Singles from Chicago 18
- "25 or 6 to 4" Released: August 1986 (US) ; "Will You Still Love Me?" Released: October 24, 1986 (US) ; "If She Would Have Been Faithful..." Released: March 6, 1987 (US) ; "Niagara Falls" Released: June 1987;

= Chicago 18 =

Chicago 18 is the fifteenth studio album, eighteenth overall by the American rock band Chicago, released on September 29, 1986. This album is the first without original vocalist Peter Cetera, and the first to feature Jason Scheff on bass and vocals.

Chicago 18 is the first studio album since the band’s inception to not feature an official guitarist. Studio guitarists such as Steve Lukather (Toto), Michael Landau, and Howard "Buzz" Feiten appear as session musicians for the album.

With Cetera having left the band in mid-1985 for a solo career, Chicago eventually hired Scheff to fill Cetera's position as vocalist and bassist in the fall of 1985. With Scheff and Bill Champlin, who had joined the band in 1981, the most prominent voices in Chicago now belonged to its newest recruits.

Chicago again hired producer David Foster to create a followup to Chicago 17. This would be the final album produced by Foster for the band, before the band would bring in other producers to create future albums.
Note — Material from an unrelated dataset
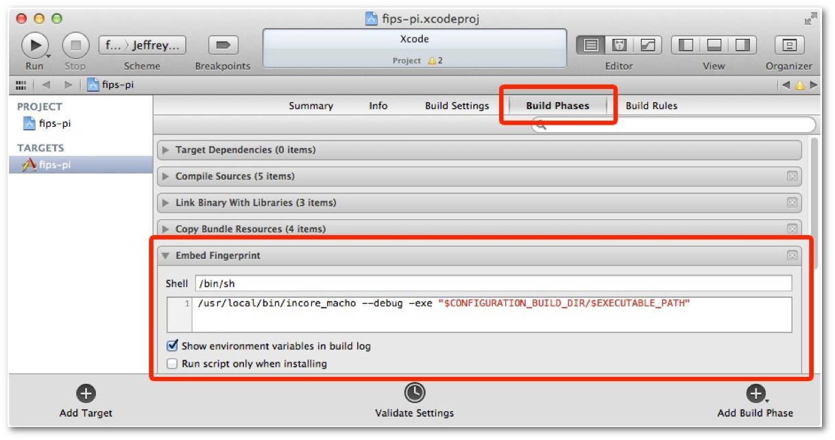 在OpenSSL示例中,在Taget的构建阶段(它在项目级别上不可用)下有一个名为Embed 的定制构建步骤。您可以在FIPS对象模块的OpenSSL用户指南2.0附录E.2中找到示例。截图转载如下:

The band recorded an updated, high-tech remake of their classic "25 or 6 to 4" (#48). This was the first single released from the album in August 1986. Originally, "Does Anybody Really Know What Time It Is?" was destined to be remade for this album instead, ultimately before the band decided that the 1970 hit fit better with what they were planning for this album. Scheff recalled when he asked Foster on the way he should sing the song, the latter responding with: "Just like Cetera."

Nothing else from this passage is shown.